The Free Choice Act is not a health-care-reform bill. It is best understood as a reform of the health-care-reform bill. In particular, it reforms the nature of the Health Insurance Exchange. Under the bills being considered right now, the exchange will be limited to the uninsured, the self-employed and small businesses. Maybe it will be expanded over time. Maybe not. In addition, it is barricaded by what's called a "firewall." The firewall essentially bars individuals from entering the exchange so long as their employers offer them a basic level of health-care coverage.
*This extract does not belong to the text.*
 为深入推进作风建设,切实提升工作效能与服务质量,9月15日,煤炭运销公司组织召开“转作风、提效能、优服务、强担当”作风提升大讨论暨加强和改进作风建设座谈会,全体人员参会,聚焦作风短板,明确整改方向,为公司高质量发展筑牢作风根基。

The Free Choice Act starts by setting the rules for the exchange: Within five years the exchange is open to all employers. More importantly, it's open to all people. The firewall is extinguished. But as the late, great, Billy Mays would say, that's not all!
The key component of the Free Choice Act is called "cash-out." Under the Free Choice Act, if I decide that I don't like any of the health-care coverage options being offered by my employer and would prefer to choose from the many options being offered on the Health Insurance Exchange, my employer has to give me a voucher that covers 65 to 70 percent of the cost of the lowest level of exchange plan. (That is the average portion that an employer pays of his employee's health insurance premiums.) I can take that voucher and, along with whatever money I want to throw in, choose a plan on the exchange.
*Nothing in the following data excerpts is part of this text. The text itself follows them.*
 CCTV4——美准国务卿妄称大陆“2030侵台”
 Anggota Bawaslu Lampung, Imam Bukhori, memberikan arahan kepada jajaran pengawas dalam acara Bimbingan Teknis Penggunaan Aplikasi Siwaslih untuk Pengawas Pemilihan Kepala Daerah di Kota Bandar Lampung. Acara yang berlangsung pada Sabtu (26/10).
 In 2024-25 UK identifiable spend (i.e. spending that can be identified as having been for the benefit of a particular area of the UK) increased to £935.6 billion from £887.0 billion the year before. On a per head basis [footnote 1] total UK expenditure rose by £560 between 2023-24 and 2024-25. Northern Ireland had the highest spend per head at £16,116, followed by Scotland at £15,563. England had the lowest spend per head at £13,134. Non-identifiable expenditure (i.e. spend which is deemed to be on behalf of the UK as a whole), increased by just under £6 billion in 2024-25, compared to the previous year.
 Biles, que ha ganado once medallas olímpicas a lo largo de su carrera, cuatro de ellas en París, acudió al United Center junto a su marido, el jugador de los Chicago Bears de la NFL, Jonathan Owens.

This does a couple of things. First, it changes the health-care system for the currently insured. It doesn't take what they have. But it gives them a choice. If the political yin of health-care reform is that you can keep what you have if you like it, the policy yang should be that you can choose something different if you don't. The Free Choice Act gives the insured something concrete: autonomy. If they don't like what they have, they are assured options. In 1994, Bill Clinton's plan was defeated because people believed it would restrict choice. Given the apparent power of the objection, it makes some sense to try to sell health-care reform atop the concrete promise that it will increase choice.
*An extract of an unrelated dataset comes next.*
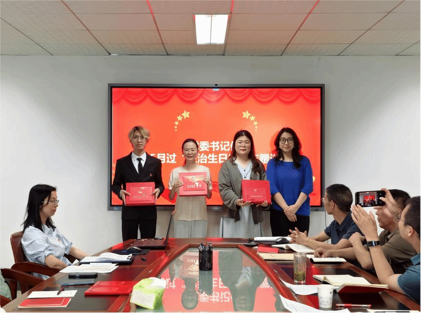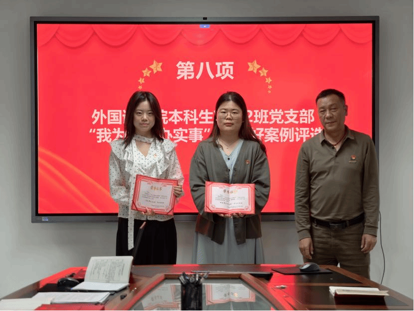在员工党支部“我为群众办实事”月度好案例评选环节,支部全体党员分享他们在学习、生活中为师生办实事、解难题的点滴和感悟,经支部民主评选,陈晓红和毛欣如组织就业分享会和语言志愿服务的两个案例被评为五月“我为群众办实事”好案例,院直党支部宣传委员董成见同志为获奖同志颁发证书。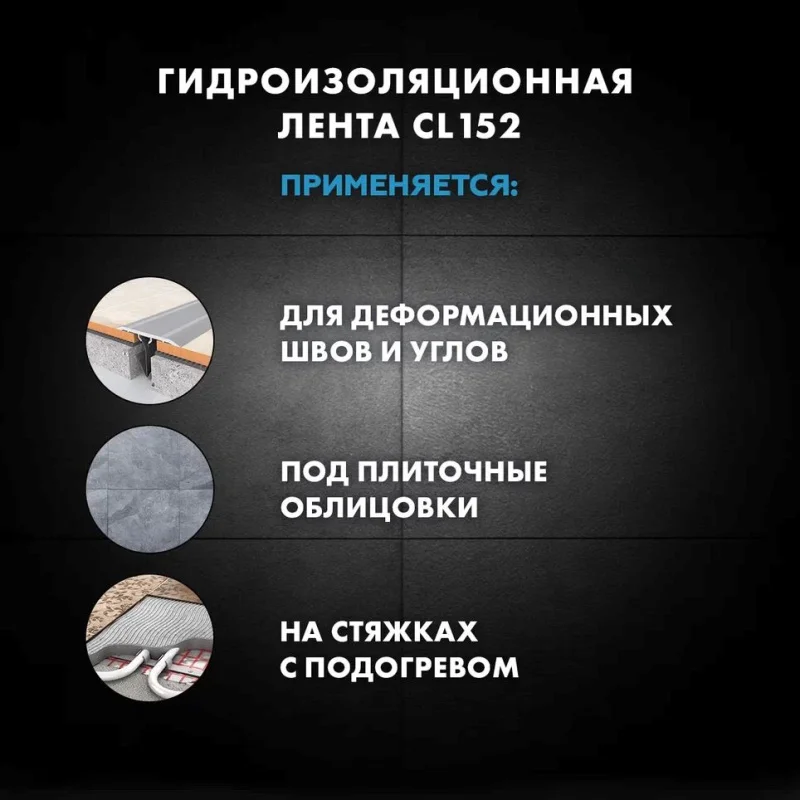 Герметизирующая лента CL 152 представляет собой сетку из полиэстера с водонепроницаемым покрытием из термопластичного эластомера и предназначена для герметизации деформационных швов и угловых зон внутри и снаружи зданий при условии отсутствия негативного (т.е. со стороны основания) давления воды. Применяется при гидроизоляции душевых, санузлов, бассейнов, резервуаров, дренажных каналов, вводов инженерных коммуникаций, террас, балконов и т.д. в сочетании с эластичными обмазочными гидроизоляци- онными материалами, такими как CL 51, CR 166, а также CR 65 с добавкой эластификатора CC 83.

Second, it gives people an incentive to choose cost-effective plans. If your employer is paying 70 percent of your $10,000 health insurance premium, and you find a $9,000 plan on the Exchange -- maybe it's an HMO rather than a PPO -- you pocket $1,000. Currently, since I pay only 30 percent of my health-care premiums, making the same choice within the HMO and PPO offerings that The Washington Post gives me would only net me $333 dollars. Wyden's plan would put 300 percent as much money in my pocket. That changes behavior. And even the CBO thinks so. This is one of the main reasons the Congressional Budget Office scored Wyden's Healthy Americans Act -- which had a similar provision -- as saving, rather than costing, money.
Third, it begins to build a viable alternative to the employer-based health-care system. Experts think that the exchange will need at least 20 million participants to really start seeing advantages of scale. This will ensure it has much more than that. And if the exchange works? If direct competition between insurers lowers costs and increases quality, if standardized billing and administrative efficiencies save money, if the massive pool of customers helps insurers bargain for discounts with providers, then the exchange will become a progressively better deal, and more people will choose -- there's that word again -- to enter it. And if more people choose to enter it, then that cycle happens again, more people enter, and so forth. Soon, you've built the system we want rather than the one we have.